# TO DO
Each line below that includes the word "this" is to be reported.
++++ RECORDS TO PROCESS ++++
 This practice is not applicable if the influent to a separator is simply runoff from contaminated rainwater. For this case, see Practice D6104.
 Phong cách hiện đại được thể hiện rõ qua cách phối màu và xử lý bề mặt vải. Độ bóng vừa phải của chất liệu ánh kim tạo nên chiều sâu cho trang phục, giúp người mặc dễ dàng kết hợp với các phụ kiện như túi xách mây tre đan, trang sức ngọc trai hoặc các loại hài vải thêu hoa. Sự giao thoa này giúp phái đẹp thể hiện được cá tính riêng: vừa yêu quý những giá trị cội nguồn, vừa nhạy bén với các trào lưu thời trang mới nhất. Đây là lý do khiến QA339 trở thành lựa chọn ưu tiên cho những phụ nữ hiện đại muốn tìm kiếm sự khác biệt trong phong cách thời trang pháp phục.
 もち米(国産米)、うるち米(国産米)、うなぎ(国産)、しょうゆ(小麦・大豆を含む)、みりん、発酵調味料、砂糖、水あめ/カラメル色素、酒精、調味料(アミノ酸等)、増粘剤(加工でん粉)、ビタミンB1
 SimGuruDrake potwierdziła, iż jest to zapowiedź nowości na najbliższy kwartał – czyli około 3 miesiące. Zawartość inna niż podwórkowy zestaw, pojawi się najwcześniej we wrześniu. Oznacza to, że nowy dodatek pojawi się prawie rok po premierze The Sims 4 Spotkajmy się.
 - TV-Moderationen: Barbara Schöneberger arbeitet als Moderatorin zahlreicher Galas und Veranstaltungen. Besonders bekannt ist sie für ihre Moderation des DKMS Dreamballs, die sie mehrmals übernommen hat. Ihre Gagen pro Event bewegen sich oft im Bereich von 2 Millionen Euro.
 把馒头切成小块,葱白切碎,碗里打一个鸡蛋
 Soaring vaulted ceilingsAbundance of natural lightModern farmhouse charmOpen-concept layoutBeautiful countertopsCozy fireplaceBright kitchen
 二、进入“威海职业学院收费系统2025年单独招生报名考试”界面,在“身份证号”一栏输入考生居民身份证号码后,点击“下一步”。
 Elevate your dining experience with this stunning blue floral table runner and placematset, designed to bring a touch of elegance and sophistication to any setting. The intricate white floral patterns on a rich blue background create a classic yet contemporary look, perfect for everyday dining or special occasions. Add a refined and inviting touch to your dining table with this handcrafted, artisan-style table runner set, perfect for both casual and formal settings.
++++
# EXERCISE SOLUTION
 This practice is not applicable if the influent to a separator is simply runoff from contaminated rainwater. For this case, see Practice D6104.
 Elevate your dining experience with this stunning blue floral table runner and placematset, designed to bring a touch of elegance and sophistication to any setting. The intricate white floral patterns on a rich blue background create a classic yet contemporary look, perfect for everyday dining or special occasions. Add a refined and inviting touch to your dining table with this handcrafted, artisan-style table runner set, perfect for both casual and formal settings.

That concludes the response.